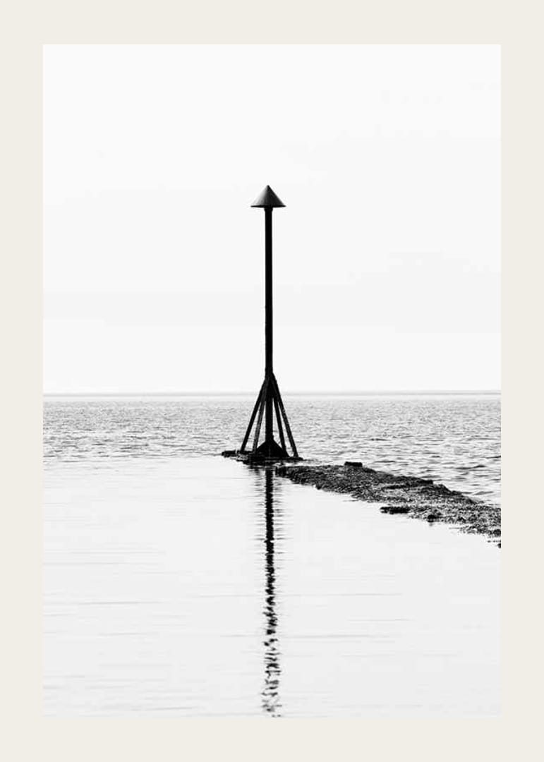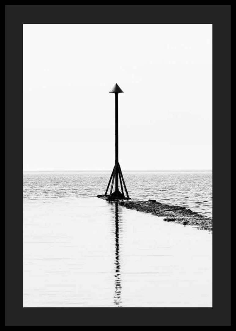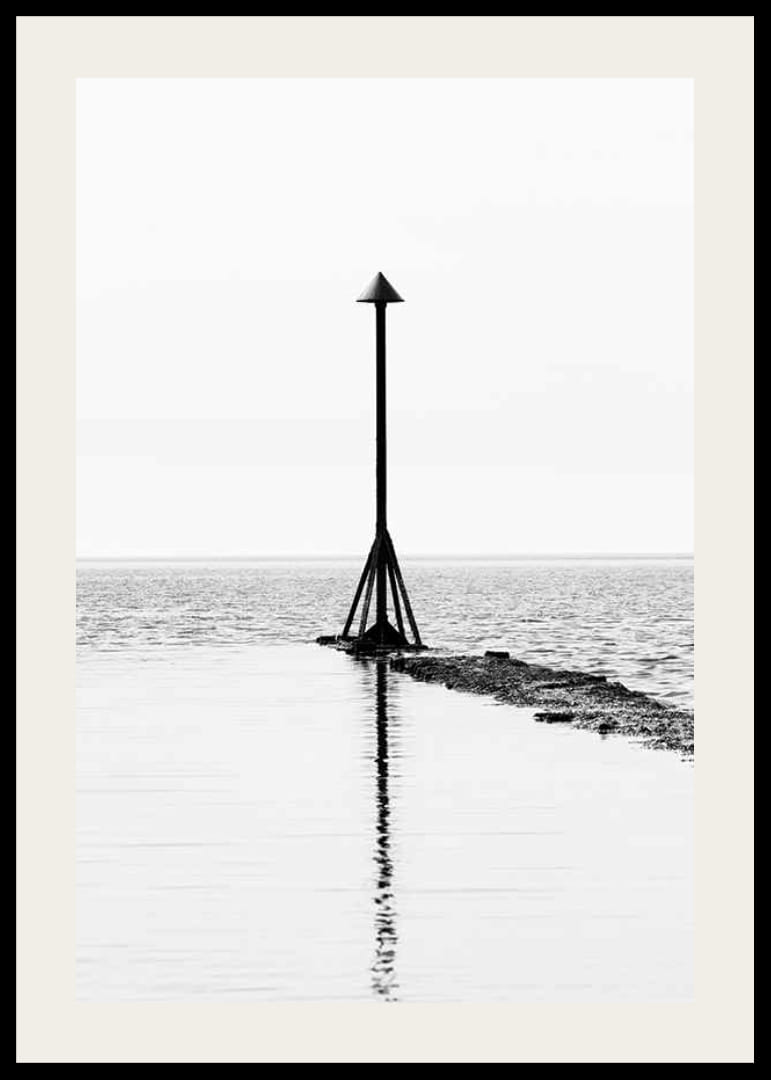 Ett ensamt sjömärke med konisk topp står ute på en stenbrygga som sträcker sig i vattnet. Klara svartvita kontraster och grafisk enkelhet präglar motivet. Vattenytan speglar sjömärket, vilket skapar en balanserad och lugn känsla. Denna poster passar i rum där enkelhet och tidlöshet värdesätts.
--
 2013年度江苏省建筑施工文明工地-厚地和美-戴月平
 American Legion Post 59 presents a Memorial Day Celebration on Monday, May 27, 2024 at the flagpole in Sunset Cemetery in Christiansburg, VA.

# [REQUIREMENT]
Transcribe the records above from the line holding "2013年度江苏省建筑施工文明工地-厚地和美-戴月平" down to the line holding "American Legion Post", inclusive, without adding anything.

# [SOLUTION TO THE PROBLEM]
 2013年度江苏省建筑施工文明工地-厚地和美-戴月平
 American Legion Post 59 presents a Memorial Day Celebration on Monday, May 27, 2024 at the flagpole in Sunset Cemetery in Christiansburg, VA.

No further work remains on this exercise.